Although there was little public protest, marriage is now defined as solely between a man and woman. This makes the Dominican Republic the only nation in the world to ban homosexual marriage at the constitutional level.

At the same time, many regulations and rights are now made explicit in this constitution which were previously absent.

Administrative corruption of public officials is now a constitutional offence. Officials are barred from holding more than one paid government position. Rights to labour organising, strikes, public education, and swift justice with the presumption of innocence are all now constitutional rights.

In a roundtable discussion held by FINJUS (Fundacion Institucionalidad y Justicia), a civic group that has studied and provided detailed input into the reform process, Flavio Dario Espinal, a former ambassador to the United States, reviewed the most important aspects of the new charter.

"We cannot say now whether this constitution will be progressive or not," he cautioned. "Often the points that we think are important now will in fact not be important in the future. And yet something that we have not even considered now may turn out to be exceedingly important in the future."

Espinal pointed out that this constitution was, for the first time, the result of a consensus among the two major political parties, with the aid of the third party. Earlier constitutions were imposed on the nation by one leader or one party.

However, he recommended that the entire constitution be subjected to a referendum.

That suggestion was rejected by Frank Martinez, a member of the Assembly, who claimed that average citizens were not adequately informed or educated to vote on the constitution and that their votes would be subject to bribery and corruption.

Because of the collusion of the political parties, many members of the public are sceptical that it will serve the greater good.
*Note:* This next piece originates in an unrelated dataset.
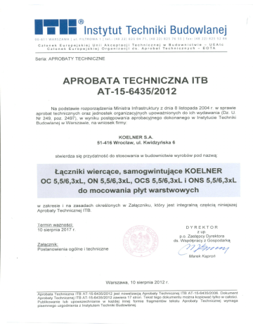 AT-15-6435/2012 2/17 ZAŁĄCZNIK POSTANOWIENIA OGÓLNE I TECHNICZNE Spis treści 1. PRZEDMIOT APROBATY .................................................................................................. 3 2. PRZEZNACZENIE, ZAKRES I WARUNKI STOSOWANIA ................................................ 3 3. WŁAŚCIWOŚCI TECHNICZNE. WYMAGANIA ................................................................ 4 3.1. Materiały ..................................................................................................................... 4 3.2. Łączniki ...................................................................................................................... 4 4. PAKOWANIE, PRZECHOWYWANIE I TRANSPORT...................................................... 10 5. OCENA ZGODNOŚCI ...................................................................................................... 10 5.1. Zasady ogólne .......................................................................................................... 10 5.2. Wstępne badanie typu .............................................................................................. 11 5.3. Zakładowa kontrola produkcji ................................................................................... 11 5.4. Badania gotowych wyrobów...................................................................................... 12 5.5. Częstotliwość badań ................................................................................................. 12 5.6. Metody badań ........................................................................................................... 12 5.7. Pobieranie próbek do badań ..................................................................................... 13 5.8. Ocena wyników badań .............................................................................................. 13 6. USTALENIA FORMALNO-PRAWNE ............................................................................... 13 7. TERMIN WAŻNOŚCI ....................................................................................................... 14 INFORMACJE DODATKOWE...... ................................................................................... ....15 RYSUNKI...... ................................................................................................................... ....16 AT-15-6435/2012 3/17 1. PRZEDMIOT APROBATY Przedmiotem niniejszej Aprobaty Technicznej ITB są łączniki wiercące, samogwintujące KOELNER OC 5,5/6,3xL, ON 5,5/6,3xL, OCS 5,5/6,3xL i ONS 5,5/6,3xL do mocowania płyt warstwowych. Producentem wyrobów objętych Aprobatą jest firma KOELNER S.A., 51-416 Wrocław, ul. Kwidzyńska 6. Łączniki wiercące, samogwintujące KOELNER OC 5,5/6,3xL, ON 5,5/6,3xL, OCS 5,5/6,3xL i ONS 5,5/6,3xL (rys. 1) mają postać trzpienia stalowego, nagwintowanego na dwóch odcinkach swojej długości, zakończonego z jednej strony wiertłem, a z drugiej łbem sześciokątnym i podkładką. Do podkładki nawulkanizowana jest uszczelka z EPDM. Łączniki oznaczone OC i ON są wykonane ze stali zwykłej, węglowej i pokrywane warstwą cynku o grubości nie mniejszej niż 12 µm, natomiast łączniki OCS i ONS – ze stali odpornej na korozję (stali nierdzewnej). Podkładki z ocynkowanej stali zwykłej, węglowej (oznaczenie T) są stosowane z łącznikami OC i ON, a ze stali odpornej na korozję (oznaczenie S) – stosowane z łącznikami OCS i ONS. Wymiary łączników objętych Aprobatą podano na rys. 2. Wymagane właściwości techniczne łączników wiercących, samogwintujących KOELNER OC 5,5/6,3xL, ON 5,5/6,3xL, OCS 5,5/6,3xL i ONS 5,5/6,3xL podano w p. 3. 2. PRZEZNACZENIE, ZAKRES I WARUNKI STOSOWANIA Łączniki wiercące, samogwintujące KOELNER OC 5,5/6,3xL, ON 5,5/6,3xL, OCS 5,5/6,3xL i ONS 5,5/6,3xL są przeznaczone do mocowania płyt warstwowych do podłoży z blachy stalowej o właściwościach mechanicznych nie niższych niż określonych dla gatunku S280GD według normy PN-EN 10346:2011. Ze względu na agresywność korozyjną środowiska, łączniki ze stali ocynowanej, objęte Aprobatą, mogą być stosowane zgodnie z normami PN-EN ISO 2081:2011 i PN-EN ISO 129442:2001, przy uwzględnieniu grubości powłoki cynkowej według p. 3.1. Ze względu na agresywność korozyjną środowiska, łączniki ze stali nierdzewnej, objęte Aprobatą, mogą być stosowane zgodnie z normą PN-71/H-86020 oraz w środowiskach o kategorii korozyjności atmosfery C1, C2 i C3 według normy PN-EN ISO 12944-2:2001. AT-15-6435/2012 4/17 Charakterystyczne i obliczeniowe nośności zamocowań łączników objętych Aprobatą podano w tablicach 1 ÷ 22. Do wkręcania łączników objętych Aprobatą należy używać elektronarzędzi mechanicznych z końcówkami dostosowanymi do typu łba. Łączniki objęte Aprobatą powinny być stosowane zgodnie z projektem technicznym, opracowanym dla określonego obiektu budowlanego, z uwzględnieniem obowiązujących norm i przepisów, postanowień niniejszej Aprobaty Technicznej oraz instrukcji stosowania opracowanej przez Producenta wyrobu. 3. WŁAŚCIWOŚCI TECHNICZNE. WYMAGANIA 3.1. Materiały Łączniki KOELNER OC 5,5/6,3xL i ON 5,5/6,3xL powinny być wykonane ze stali zwykłej, węglowej gatunku SAE 1022 według amerykańskiej normy AMS 5070:1994/RG i pokryte warstwą cynku o grubości nie mniejszej niż 12 µm. Powłoka cynkowa powinna spełniać wymagania normy PN-EN ISO 4042:2001. Łączniki KOELNER OCS 5,5/6,3xL i ONS 5,5/6,3xL powinny być wykonane ze stali odpornej na korozję, gatunku X5CrNi18-10 (1.4301) według normy PN-EN 10088-1:2005 (odpowiednik stali nierdzewnej i kwasoodpornej gatunku 0H18N9 według normy PN-71/H86020). Twardość powierzchni łączników objętych Aprobatą powinna być większa niż 530 HV, a twardość rdzenia łączników powinna być nie mniejsza niż 320 HV (według skali Vickersa). 3.2. Łączniki 3.2.1. Wygląd zewnętrzny, kształ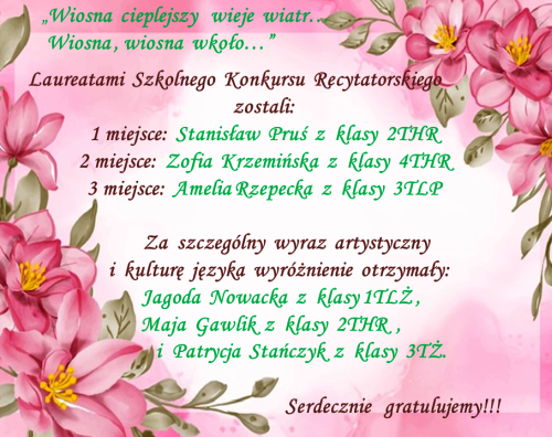 W ramach wiosennych fascynacji literackich w dniu 20 marca 2025 roku odbył się Konkurs Recytatorski, który w naszej szkole ma już ponad trzydziestoletnią tradycję. W wyjątkowej atmosferze, pełnej magii i piękna ojczystego słowa, wysłuchano interpretacji wielu różnorodnych utworów poetyckich oraz fragmentów prozy. Do konkursu przystąpiło 10 uczestników. (więcej…)

Julio Cesar Vargas, an instructor of political science at Intec, voiced the suspicions shared by many.

"This constitution was made by agreement with the political parties, with the thoughts of those who are in power, not to expand the rights or the protection of the citizens," he said. "The constitution was not a result of the opinion of those from below but those who already have and wish to consolidate their power."

"They have cut back on the rights of the citizens. For example, they have placed religion in the place of science in the regulations on abortion. It was not discussed with all the depth needed to reflect what the people really think," he added.